During the civil war, the people of Cinquera couldn’t hope to thrive, they could only hope to survive.  At the end of our visit, Don Pablo and his friend, Réne, take us along winding back roads to a place outside of the nearby village of Guadalupe, the site of a massacre of civilian refugees during the war.  The one survivor of the attack was able to witness to what had happened.  About thirty woman and children were moving along the side of a mountain when the army caught up with them.  Machine gun fire caught all of the adults, but went over the heads of several of the smaller children, who ran into the forest.  As she hid among the trees, the witness heard one of the officers call to the children to come out.  He had food for them, he said, and milk and chocolate.  He wouldn’t hurt them, he just wanted to talk to them.  When the children finally came out from the forest, the officer asked them where the men were hiding.  When the children replied that no men were with them, the officer gave the order to his soldiers to shoot them.  Réne said that as the witness ran, she came across the body of a dead mother, her two-year-old lying across her, crying.  Take me with you, take me with you, the child begged.  The young woman hesitated, but realizing that she would not likely escape with a toddler in tow, she ran on, leaving the child behind.  When she returned to the massacre site, she saw that the child had been shot.  She still has nightmares about this, Réne says.
The Guadalupe Massacre
Without the witness, no one might have found out the truth of what happened, or ever the massacre site, the fate of so many scenes of death and destruction during the long war.  After the Guadalupe massacre, some bodies were buried, some were hacked to pieces, the arms and legs thrown into the forest to rot.  An important part of the healing process after the war has been to document atrocities, bury the dead openly, and find ways to remember that reach the majority of Salvadorans born too late to have any real memory of the conflict.  People from Cinquera gathered the remains from the massacre and built a mausoleum to house them.  Painted on the sides of the white tomb are U.S. warplanes flying over masses of protesting Salvadorans.  The United States bears a large share of the responsibility for devastation of the war, but even in the face of this, Don Pablo and Réne, like so many Salvadorans, seem to be able to forgive as long as they are not asked to forget.  Réne tells us that he still sees men in the area around Cinquera who fought as government soldiers in the war.  Most are unrepentant, and Réne says that almost all of them act as though the war never happened.  When pressed, they blame their officers for the atrocities they committed.  But, Réne says, a few of them are beginning to have doubts about what they did, and the direction the country is taking.  There’s still hope.

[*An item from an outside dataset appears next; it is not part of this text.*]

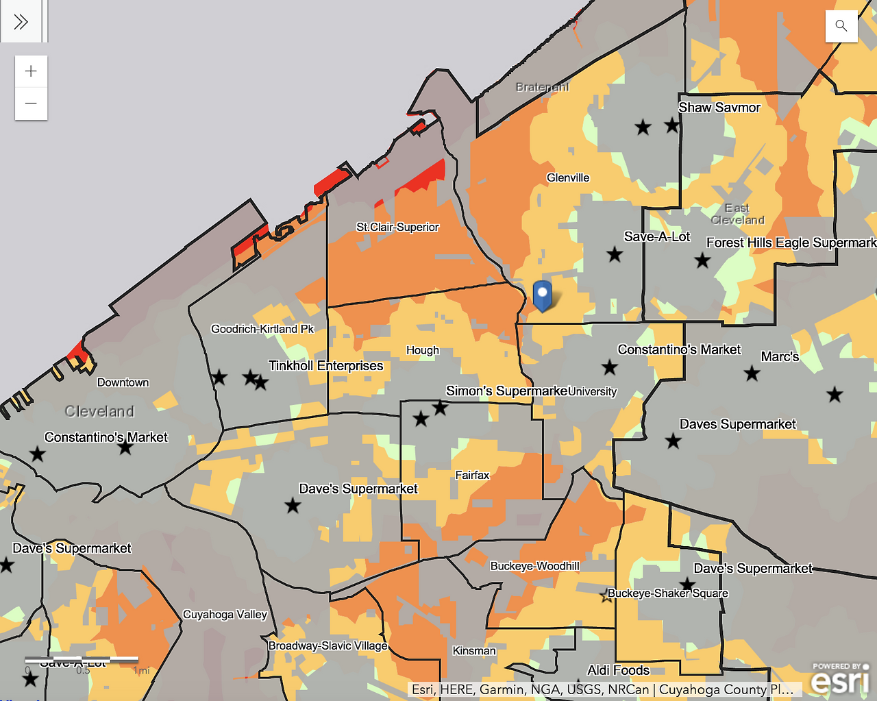 이번에는 현재 거주하고 하고 있는 클리블랜드의 푸드 사막 지도를 찾아봤다.

The hills where the refugees were spotted and attacked by the army
The road to the massacre site
Réne & Don Pablo at the mausoleum. The planes on the side are labeled "USA"

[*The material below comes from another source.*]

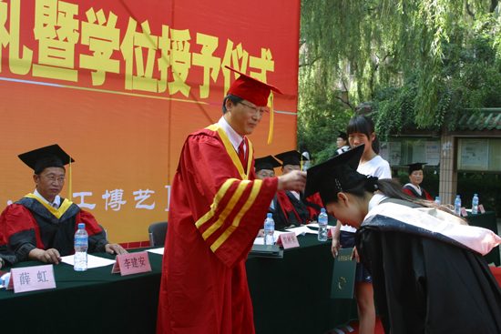 在激昂的毕业歌中,校长刘江南、学院党委书记简林根等领导分别为取得学士学位证书的毕业生拨穗,授予学位证书,并合影留念。

On top of the tomb, Monsignor Romero is pictured with two beloved rebel  commanders
Don Pablo asks if we can end with a prayer.  Actually, we end with many prayers, because there’s much to pray about.  We ask God to comfort and bless those who lost family and friends in the war.  We ask God to heal the divisions that still run so deeply between old enemies, and that continue to wrench El Salvador.  And we pray that God will heal the many who have suffered trauma and torture and feel unable to recover.  Don Pablo closes us in prayer with a litany that’s become familiar to us on our pilgrimage.  Viva Romero – Viva!  Viva international solidarity forever – Viva!